FIG. 7 is a schematic diagram showing a target entry location according to an embodiment of the invention. As shown in fig. 7, in the embodiment of the present invention, when receiving a task to be processed corresponding to a target area 70, target road information 71 around the target area 70 and target entry positions 72 to which each target road information 71 is bound are displayed at a task processing terminal. Further, the task processing personnel can select one target entrance position 72 from the display interface of the task processing terminal in a man-machine interaction mode, and the task processing terminal performs path planning according to the current position and the target entrance position 72 selected by the task processing personnel so as to guide the task processing personnel to process the task.
According to the method for determining the entrance position, disclosed by the embodiment of the invention, the accurate positioning of the entrance of the target area is realized by clustering a plurality of target positions acquired in the process of executing the corresponding plurality of task information of the target area. Further, when the task to be processed corresponding to the target area is received again, the navigation route can be planned based on the target entrance position, and the task processing efficiency is improved.
Fig. 8 is a schematic view of an entrance position determining apparatus according to an embodiment of the present invention. As shown in fig. 8, the entrance position determining apparatus of the embodiment of the present invention includes a task determining module 80, a first position determining module 81, a clustering module 82, a second position determining module 83, and a third position determining module 84.

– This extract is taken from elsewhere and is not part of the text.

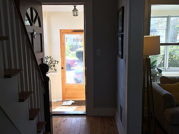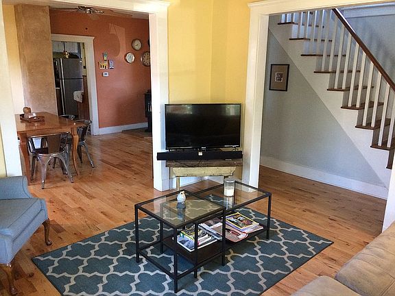 3 beds 2 baths home with open floor plan. Hardwood floors. Deck overlooking private garden, fenced yard and shed. A pellet stove to add a nice cozy ambiance during the colder months, lots of windows to create a nice cross breeze that keeps the house cool in the summer months without even needing an air conditioner. There are flowers, shrubbery and trees blooming all throughout the early spring to late fall that keep encouraging humming birds and butterflies which adds to the private backyard space, even your very own peach tree in front of the shed! There is also a newly rotor tiled organic garden ready for veggies or more flowers to be planted!

Specifically, the task determination module 80 is configured to determine a plurality of task information corresponding to the target area;
the first position determining module 81 is configured to determine a plurality of target positions corresponding to each task information, where each target position is a position in a process that a task processor holding a terminal walks to a target area;
the clustering module 82 is configured to cluster each target position corresponding to each task information to obtain a plurality of clusters;
the second position determining module 83 is configured to determine a corresponding candidate entry position according to each cluster;
the third position determining module 84 is configured to determine a confidence level of each candidate entry position according to a preset rule, so as to determine at least one target entry position, where the target entry position is an entry of the target area.
Further, the task determination module includes:
the task set determining submodule is used for determining a historical task set, and the historical task set comprises a plurality of historical tasks with corresponding attribute information;
the attribute determination submodule is used for carrying out named entity recognition on attribute information corresponding to each historical task so as to determine corresponding region attributes;
and the task determination submodule is used for responding to the corresponding region attribute as a target region and determining the historical task as task information corresponding to the target region.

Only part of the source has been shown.